Over the past decade, Korea’s household debt has ranked among the highest in advanced economies (Figure 1). In response, the authorities have maintained vigilance, implementing a series of macroprudential measures to mitigate financial stability risks arising from the rapid increase in the household debt-to-GDP ratio.

A key initiative in this effort is the Debt Service Ratio (DSR) framework, introduced in 2018 to assess a borrower’s ability to service debt based on annual income. Initially applied at the institutional level, the framework required financial institutions to limit exposure to high-risk borrowers based on DSR thresholds. For example, commercial banks were required to cap loans with DSRs between 70 and 90 percent at 15 percent of their total lending, and those exceeding 90 percent at just 10 percent. While this institutional-level approach curbed some excessive lending, it did not fully address individual borrowing behavior. Certain borrowers could still restructure loans or temporarily reduce outstanding balances to meet DSR threshold.
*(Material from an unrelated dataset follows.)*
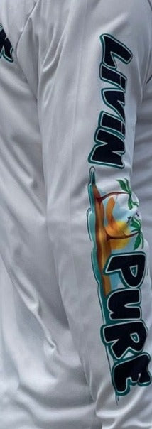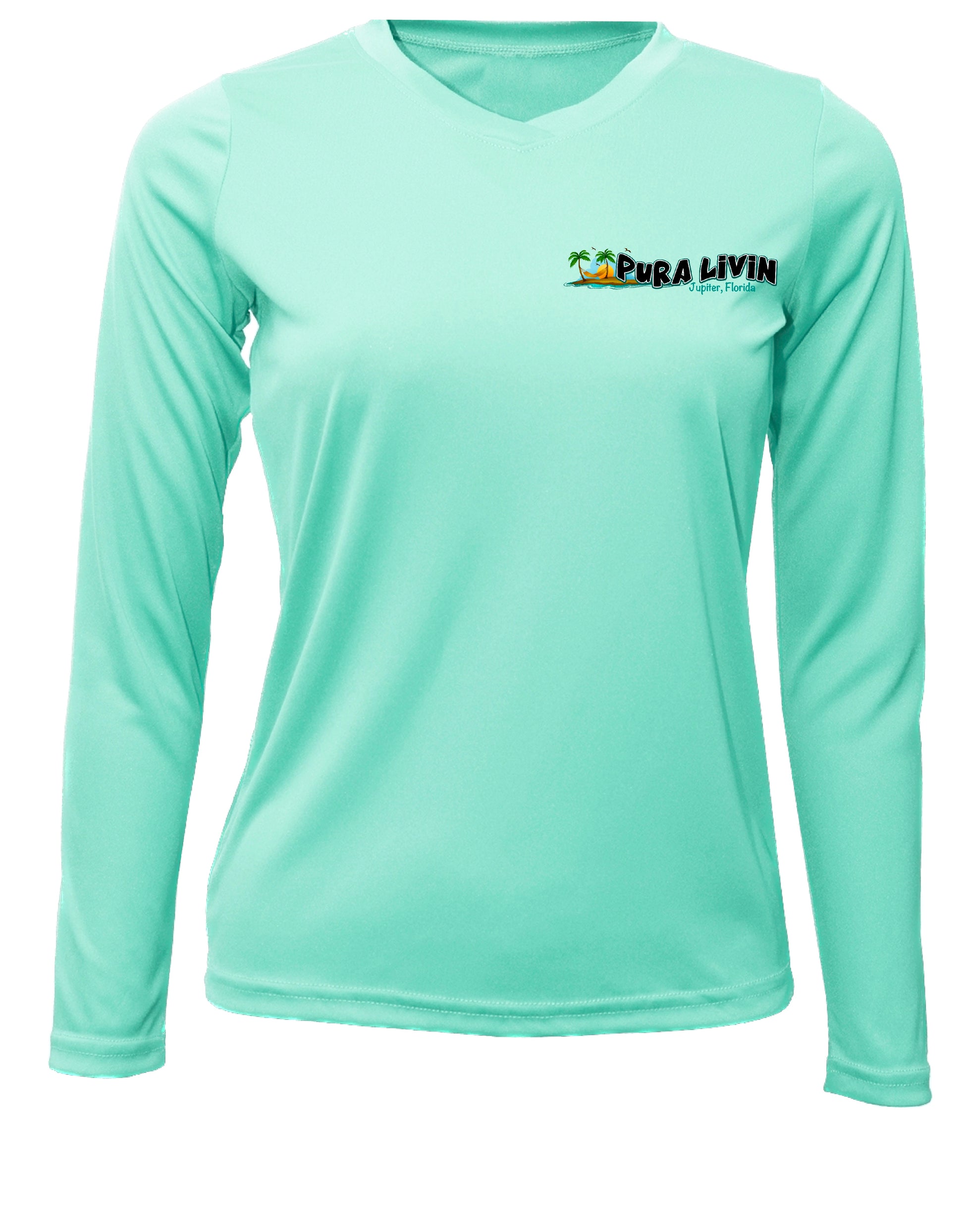 Designed for women with a front V-Neck, this shirt features our iconic logo on the back, symbolizing a spirit of optimism and embracing each new day. Livin Pure adorns the right sleeve, showcasing your dedication to an active and vibrant lifestyle.

To address these limitations, the authorities expanded the DSR framework in 2021 to apply directly to individual borrowers. Under the revised rules, individuals with total household debt exceeding KRW 100 million were required to comply with DSR limits not just for new loans, but also for refinancing and top-up loans. Additionally, the assumed loan maturity period for credit loans in DSR calculations was reduced from 10 years to 7 years in 2021, and to 5 years in 2022. These changes effectively raised estimated annual debt service obligations and thus the DSR, limiting borrowers’ eligibility for further credit. These measures ensured a more balanced allocation of responsibility between lenders and borrowers, reinforcing prudent lending practices.

Phased implementation of stress DSR framework

As Korea navigated the economic challenges of the COVID-19 pandemic in 2020-2021, monetary policy was eased to support economic activity, inadvertently fueling a surge in household loans (Figure 2). However, with inflation on the rise, the Bank of Korea began raising interest rates in August 2021. The subsequent sharp rise in interest rates increased repayment burdens, particularly for borrowers with floating-rate loans, exposing the vulnerability of the system to interest rate fluctuations.
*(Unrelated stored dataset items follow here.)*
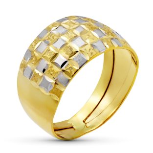 18K SORTIJA ORO BICOLOR DAMERO TALLADA ANCHO 13 MM
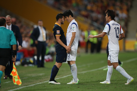 | 한국의 김창수가 17일 브리즈번스타디움에서 열린 호주와의 아시안컵 3차전에서 호주의 비치히와 머리를 맞대고 신경전을 펼치고 있다. 사진제공=대한축구협회 |
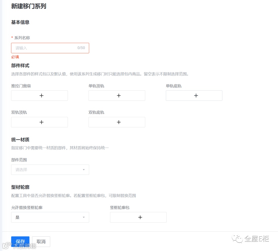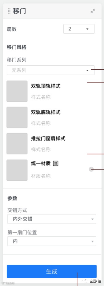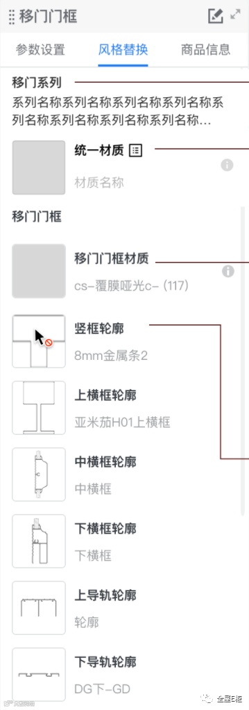 1.配置一个系列下的门扇、导轨的样式,同时在生成移门时选择系列,来实现门扇、导轨的样式关联。
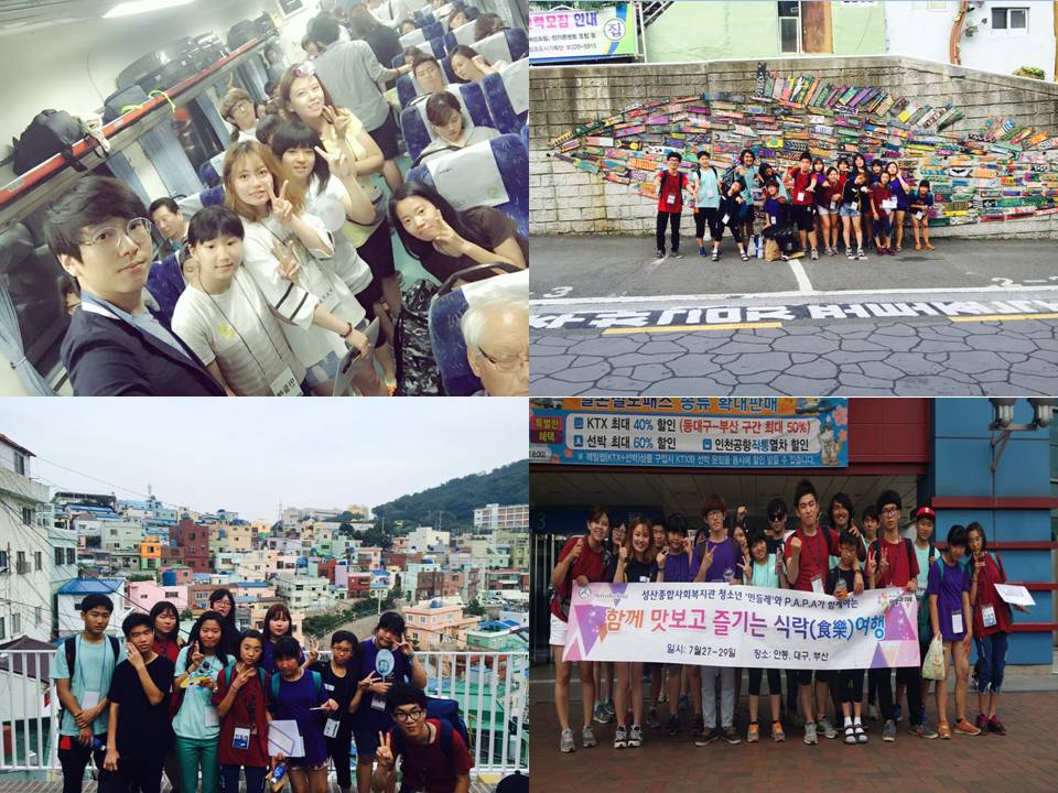 청소년멘토링 ‘민들레’는 성산종합사회복지관 청소년멘토링 프로그램에 참여하는 청소년들의 모임입니다. 민들레는 한 학기 동안 자치회의, 활동 공간 꾸미기, 체육대회, 인문학 강의로 바쁜 시간을 보냈습니다. 여름방학 기차여행은 안동, 대구, 부산을 둘러보는 2박3일 일정으로 홍익대학교 P.A.P.A동아리 자원교사들이 함께해 주었습니다. 이번 여행은 청소년들이 직접, 계획하고, 실행한 여행으로 청소년들에게도 의미가 큰 여행이었습니다.

In response, a stress DSR framework was introduced in early 2024. By adding a stress margin to the base lending rate for new floating-rate loans, banks could better assess borrowers’ repayment capacity under adverse financial conditions. This move not only tightened borrowing requirements for floating-rate loans, but also encourages a shift toward fixed-rate loans, offering borrowers more predictable payments and improved financial planning.

To ensure a smooth transition, the stress DSR framework is being implemented in three phases.
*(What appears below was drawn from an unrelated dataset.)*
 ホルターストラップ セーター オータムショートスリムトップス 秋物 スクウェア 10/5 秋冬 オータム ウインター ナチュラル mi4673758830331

  • Phase 1 (February-August 2024): Applied to mortgage loans issued by banks with the addition of a stress rate of 0.38 percentage points to the actual lending rate.
  • Phase 2 (September 2024-June 2025): Expanded coverage to include both mortgage and credit loans from banks and mortgage loans from non-bank financial institutions. The stress rate rises to 0.75 percentage points for loans in non-metropolitan areas, and to 1.2 percentage points for loans in the Seoul metropolitan area.
  • Phase 3 (starting July 2025): Will cover all household loans, applying a stress rate of 1.5 percentage points in metropolitan areas, while maintaining the 0.75 percentage point rate in non-metropolitan regions for an additional six months.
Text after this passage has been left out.